On “Gravitation”

I’ve had a love/hate relationship with art games over the past year or two. I find I Can Hold My Breath Forever and I Wish I Were The Moon sort of pretentious while I adore Small Worlds and The Company of MyselfPassage was somewhat interesting to me, but probably fell a bit in between adoration and apathy for me. Still, Passage is somewhat charming and interesting for what it does. Regardless, this post is not about Passage, it’s about Gravitation, which I find actually more interesting.

Jason Rohrer’s “Gravitation”

Gravitation is a game where you play as a Father who must play catch with his daughter in order to light his head on fire and propel himself towards the stars of professional achievements, which only become worth something once brought back into the realm of his domestic life. Despite those labels not really meaning anything to me, the mechanics of the game so honestly convey the underlying themes that I couldn’t help but feel deeply moved only minutes into playing. Gravitation is not a game about time management, balancing one set of goals with another, or figuring out what’s truly important. It IS those things. When I play Gravitation I am not playing a game about growing old and death, like Passage, I’m actually actively feeling and enacting the aesthetics and themes through my moment-to-moment decision making.

As the player I am immediately faced with a large number of meaningful decisions to make. Narratively, they could be interpreted and enacted in a variety of ways, however, as a rational player, I am going for as high a score as possible. In order to perform this optimal strategy, at least to my knowledge, I must play catch with my daughter just long enough to get a nice head of flames going, before bringing down one or two stars, always taking the quick, right-most path, back home. I dump the stars in the fire as quickly as possible, ignoring the ball, tempting though it may be. Yet when the daughter disappears and with her, the catalyst for my progress as a rational player, I’m suddenly directly confronted with the question: Should I have spent more time with her? Should I have built up a larger set of flame-locks, and pulled down more stars at a time? A direct correlation starts to form between the narrative themes and my choices as a strategic player.

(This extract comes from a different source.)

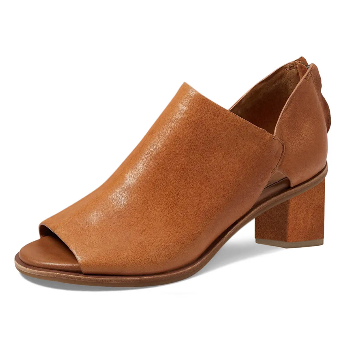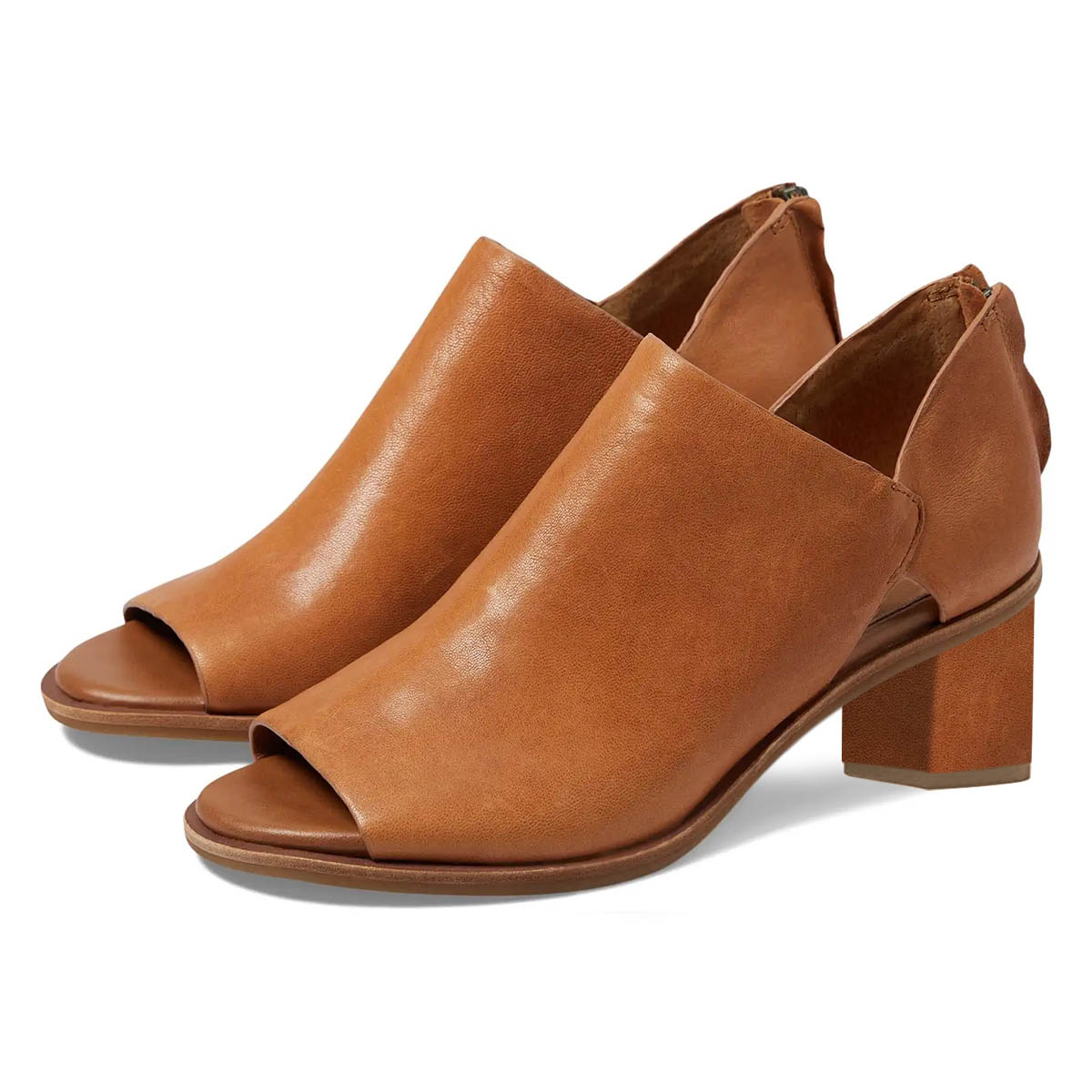Tan Peep Toe Block Heel Cut-Out Ankle Boots with Back Zipper

I personally choose to ignore my “daughter,” and because I’m the one making that choice, not the built-in narrative of the game, it’s painful and real.

74 is a decent score, right?

This to me, is one of the key elements that makes Gravitation stand above other art games. Not the music, or the 8-bit art style, or the slow fades to black, or the fact that it’s a father and a daughter, or the fact that Jason Rohrer writes about it so emphatically and endearingly. It’s not that these things don’t move me as someone observing an aesthetic form (Passage is moving in these ways) but that Gravitation actually is such an expertly crafted, short, stressful, decision-making-jammed, meaningful experience, that through playing it I’m enacting my own meditations on time management and life balance. It’s wonderful.